SOURCE DATA:
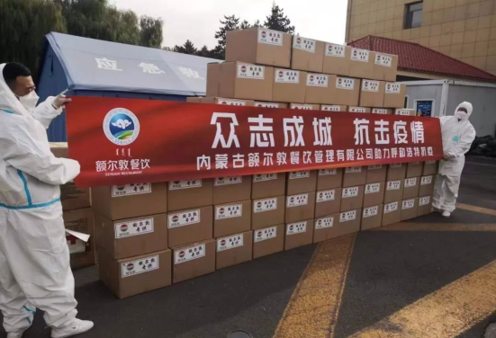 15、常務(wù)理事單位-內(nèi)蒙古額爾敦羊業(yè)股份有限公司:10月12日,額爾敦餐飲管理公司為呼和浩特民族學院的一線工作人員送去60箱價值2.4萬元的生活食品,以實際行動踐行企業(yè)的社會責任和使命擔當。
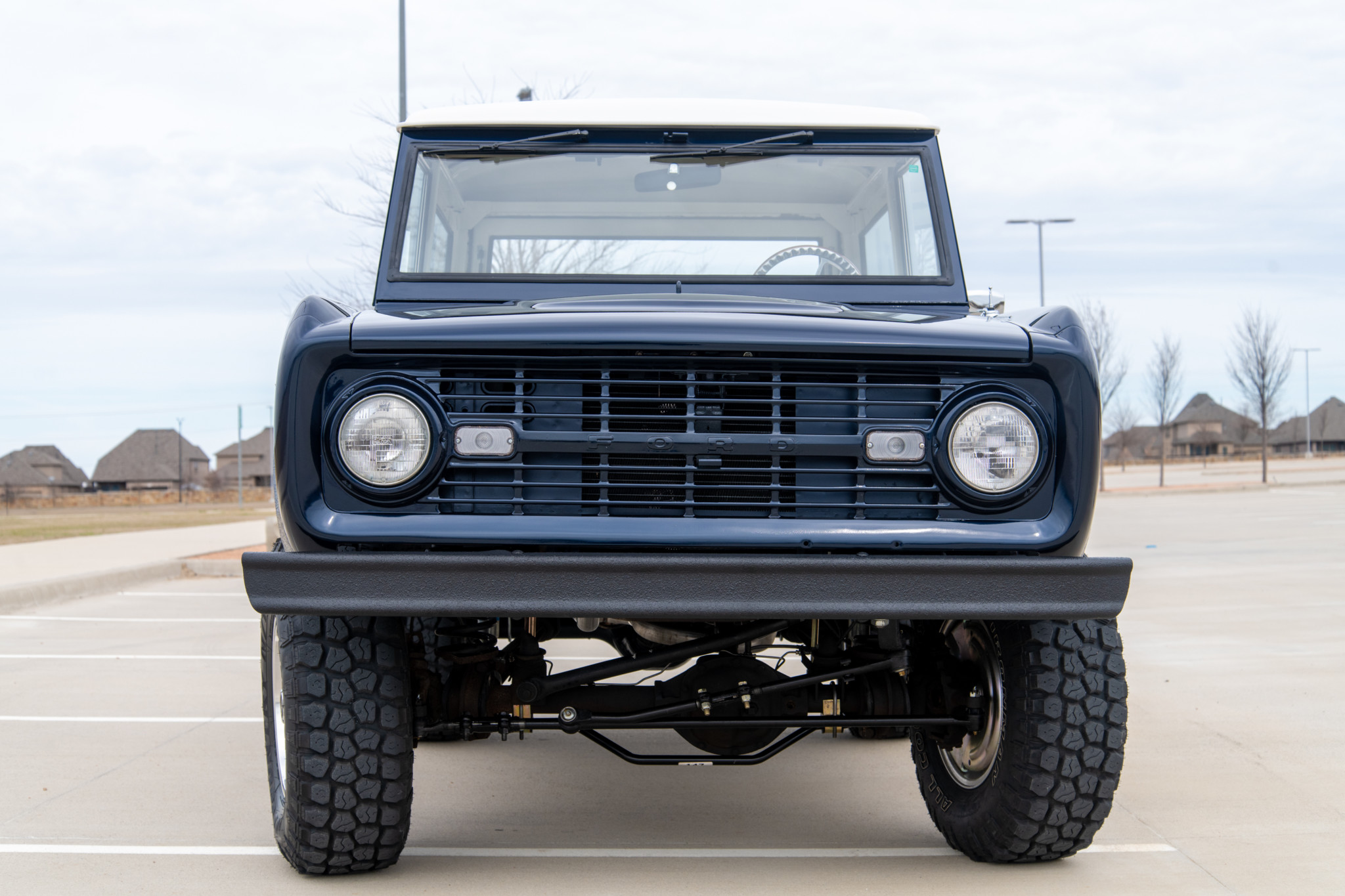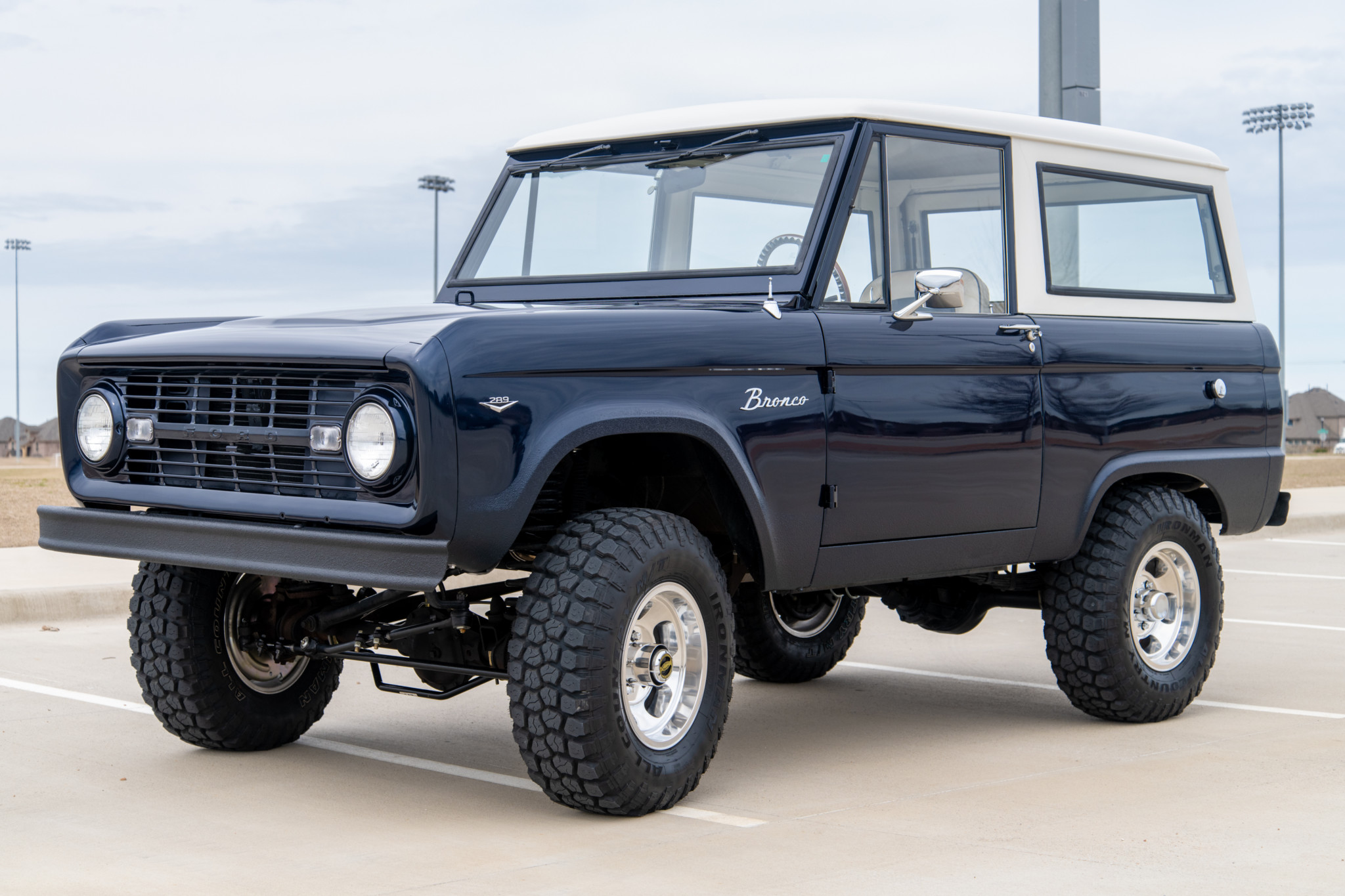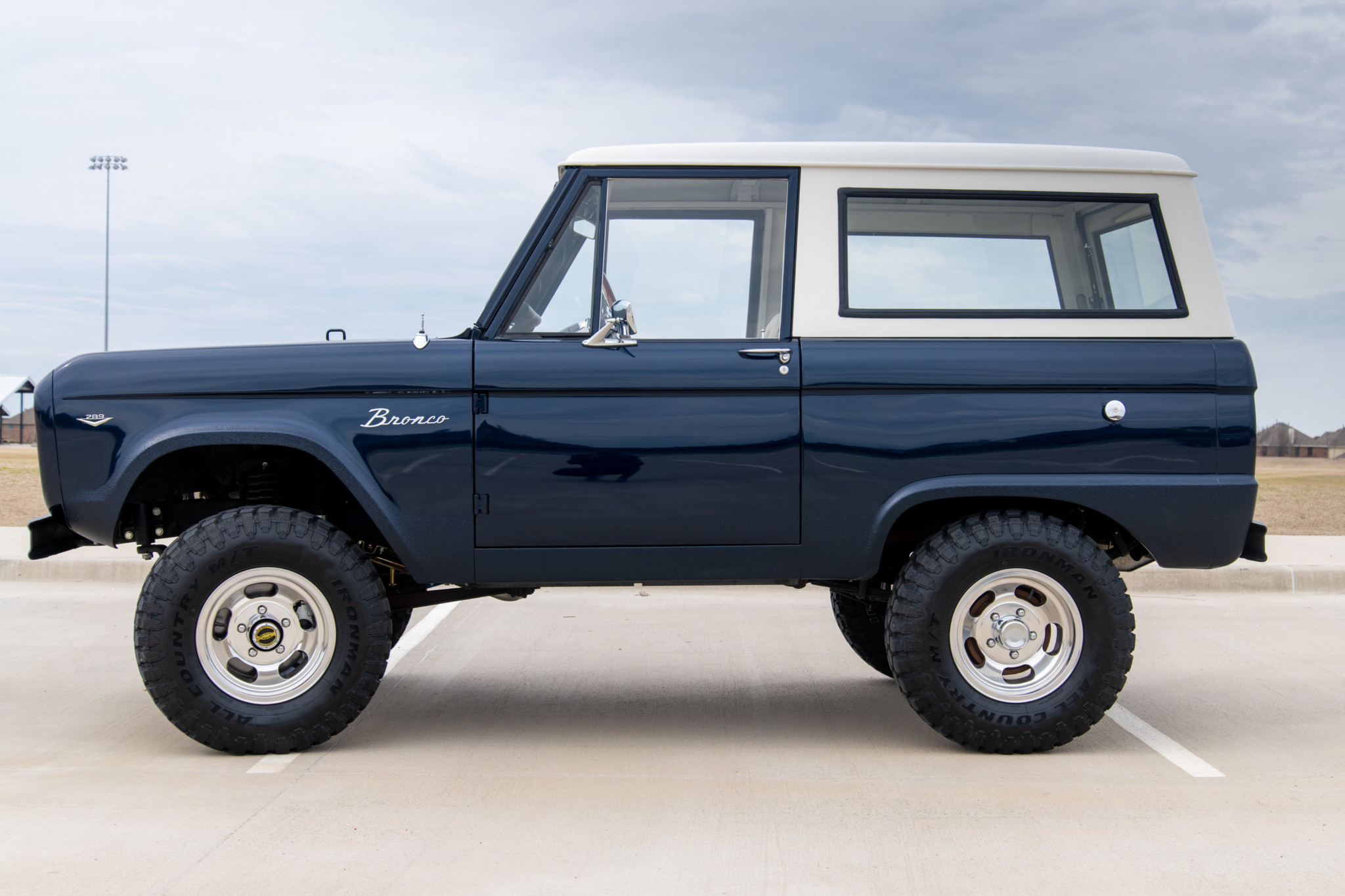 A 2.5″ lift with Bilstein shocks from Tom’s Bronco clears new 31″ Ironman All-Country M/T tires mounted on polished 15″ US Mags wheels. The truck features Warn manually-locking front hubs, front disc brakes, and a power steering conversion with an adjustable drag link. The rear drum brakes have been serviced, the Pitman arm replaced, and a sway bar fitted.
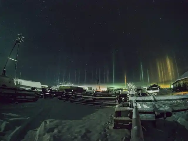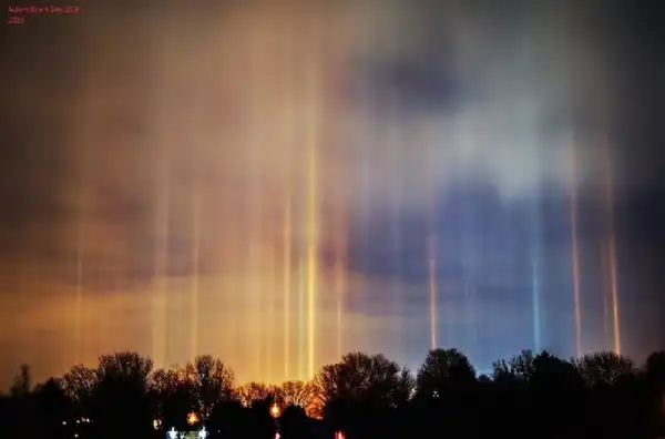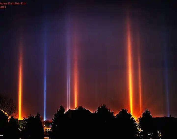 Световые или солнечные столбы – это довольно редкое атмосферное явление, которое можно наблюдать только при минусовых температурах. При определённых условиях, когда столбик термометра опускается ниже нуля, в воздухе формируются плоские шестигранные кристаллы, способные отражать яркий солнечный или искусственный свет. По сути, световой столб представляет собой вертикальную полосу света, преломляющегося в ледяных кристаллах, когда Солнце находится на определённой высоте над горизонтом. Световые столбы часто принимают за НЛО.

PROBLEM DETAILS: Return all of the material exactly, without pictures.

TASK OUTPUT:
 15、常務(wù)理事單位-內(nèi)蒙古額爾敦羊業(yè)股份有限公司:10月12日,額爾敦餐飲管理公司為呼和浩特民族學院的一線工作人員送去60箱價值2.4萬元的生活食品,以實際行動踐行企業(yè)的社會責任和使命擔當。
 A 2.5″ lift with Bilstein shocks from Tom’s Bronco clears new 31″ Ironman All-Country M/T tires mounted on polished 15″ US Mags wheels. The truck features Warn manually-locking front hubs, front disc brakes, and a power steering conversion with an adjustable drag link. The rear drum brakes have been serviced, the Pitman arm replaced, and a sway bar fitted.
 Световые или солнечные столбы – это довольно редкое атмосферное явление, которое можно наблюдать только при минусовых температурах. При определённых условиях, когда столбик термометра опускается ниже нуля, в воздухе формируются плоские шестигранные кристаллы, способные отражать яркий солнечный или искусственный свет. По сути, световой столб представляет собой вертикальную полосу света, преломляющегося в ледяных кристаллах, когда Солнце находится на определённой высоте над горизонтом. Световые столбы часто принимают за НЛО.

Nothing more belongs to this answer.